Task requirements.
Retype only the lines below from the one with "Lovely Heart Emerald" to the one with "学校揭牌,不让属马和属狗的师生参加。听着像段子,却是真实发生的事情。", inclusive, skipping every image.

Stored data.

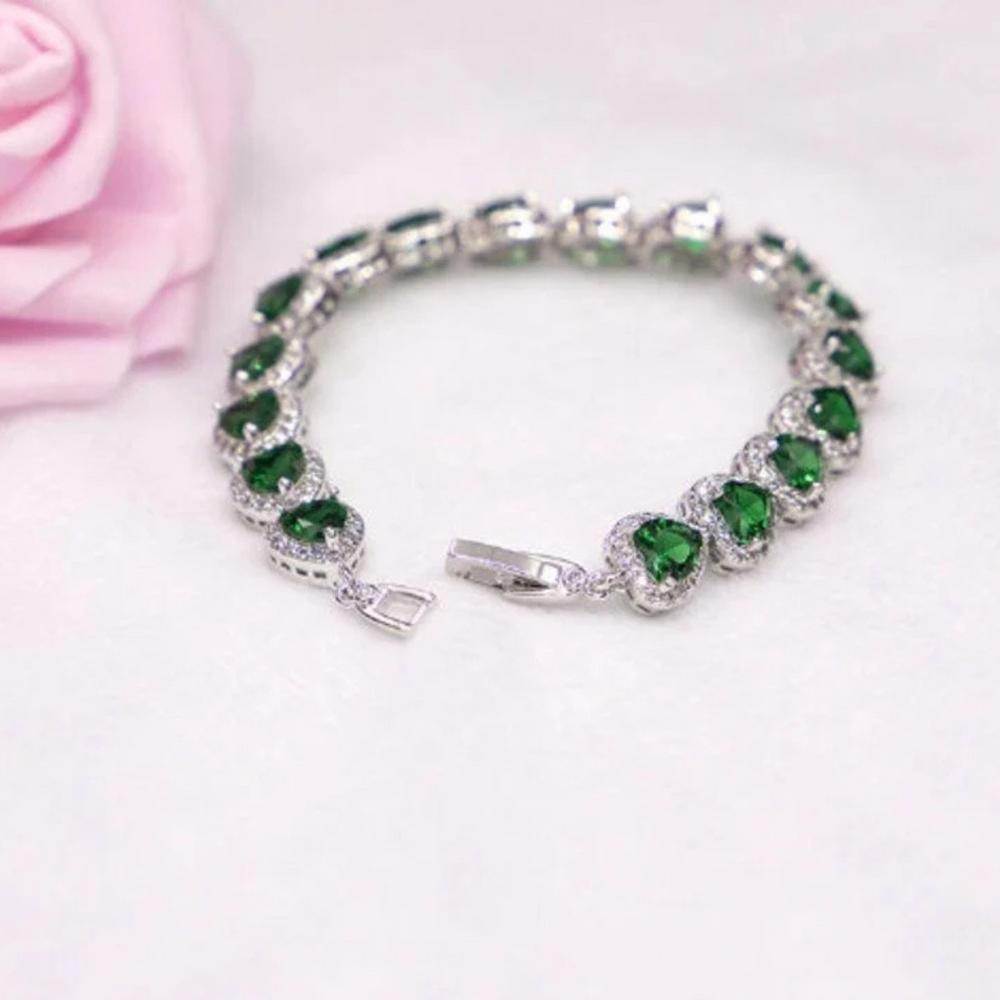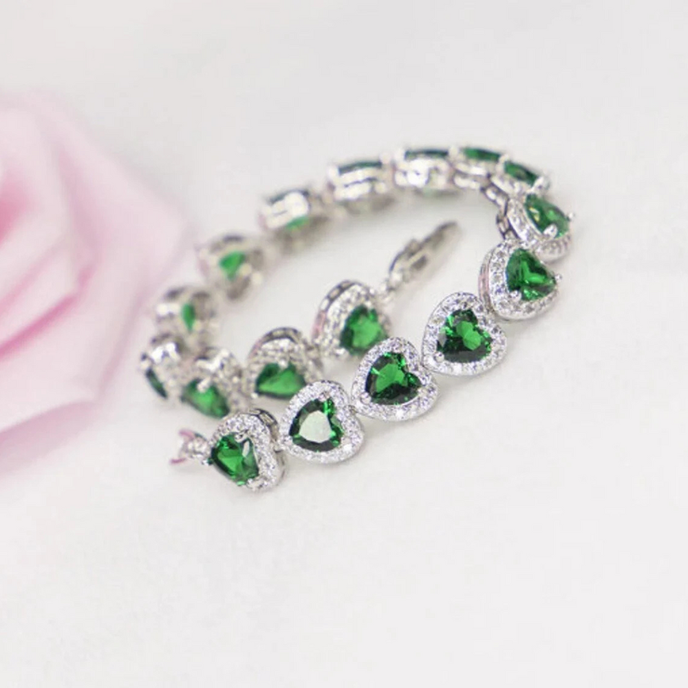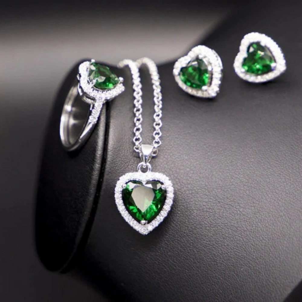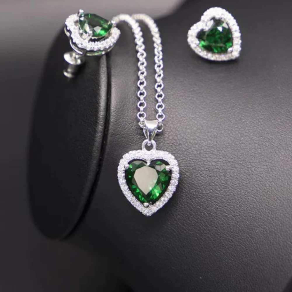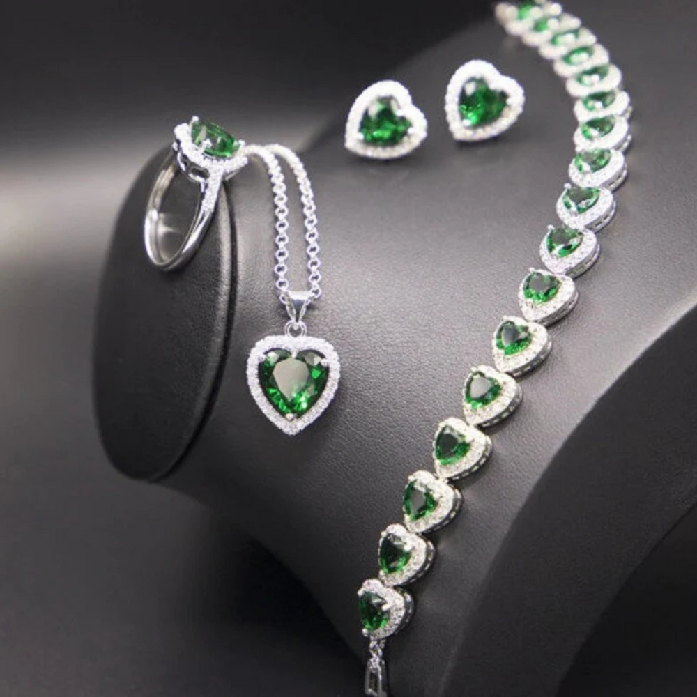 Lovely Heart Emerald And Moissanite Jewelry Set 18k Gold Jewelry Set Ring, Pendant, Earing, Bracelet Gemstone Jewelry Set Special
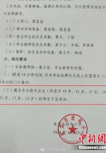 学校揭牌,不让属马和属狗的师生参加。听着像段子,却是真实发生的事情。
...
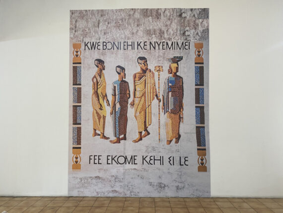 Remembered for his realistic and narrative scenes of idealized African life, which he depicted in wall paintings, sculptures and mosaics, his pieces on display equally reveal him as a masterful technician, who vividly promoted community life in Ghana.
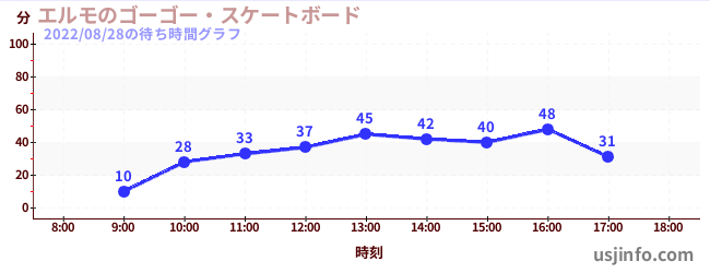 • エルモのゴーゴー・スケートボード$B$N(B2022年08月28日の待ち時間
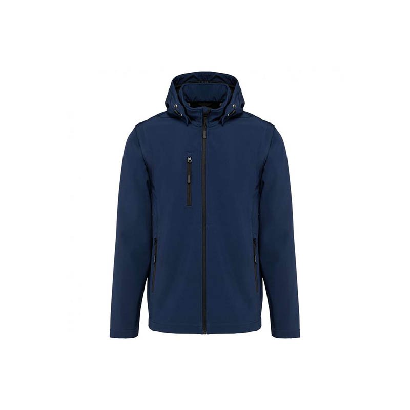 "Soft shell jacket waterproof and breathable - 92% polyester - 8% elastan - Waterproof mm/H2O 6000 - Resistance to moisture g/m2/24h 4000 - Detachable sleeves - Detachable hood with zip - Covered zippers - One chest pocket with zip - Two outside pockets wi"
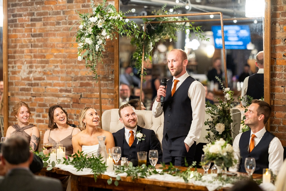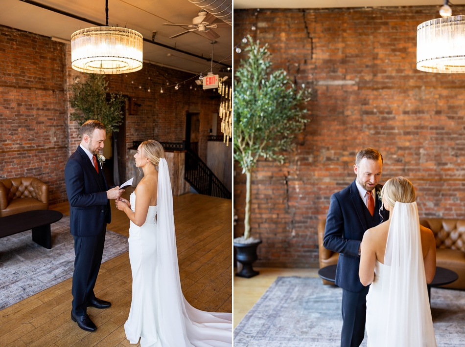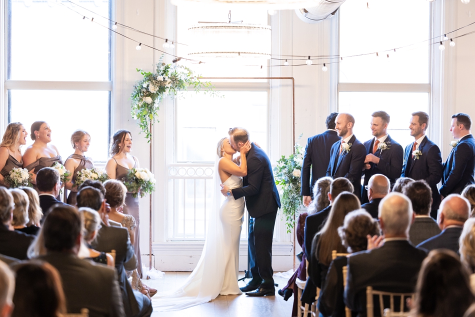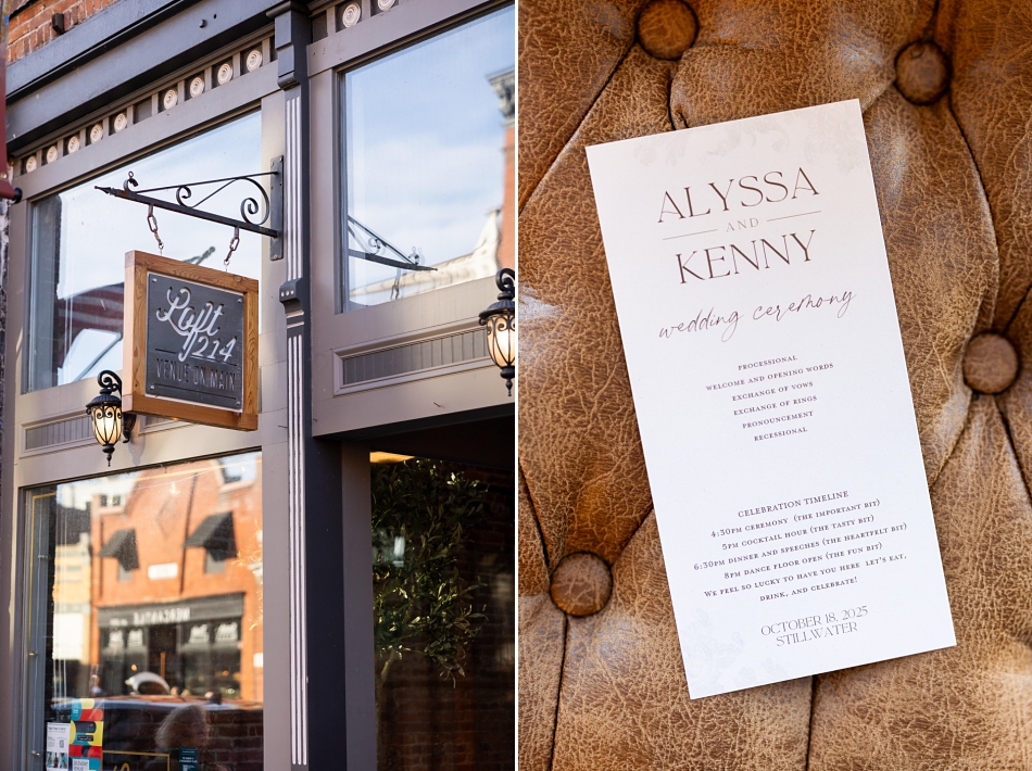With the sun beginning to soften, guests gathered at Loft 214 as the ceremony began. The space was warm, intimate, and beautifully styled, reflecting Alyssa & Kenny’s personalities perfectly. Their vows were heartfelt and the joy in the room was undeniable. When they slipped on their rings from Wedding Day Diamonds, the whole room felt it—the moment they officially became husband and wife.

Expected answer.
 Lovely Heart Emerald And Moissanite Jewelry Set 18k Gold Jewelry Set Ring, Pendant, Earing, Bracelet Gemstone Jewelry Set Special
 学校揭牌,不让属马和属狗的师生参加。听着像段子,却是真实发生的事情。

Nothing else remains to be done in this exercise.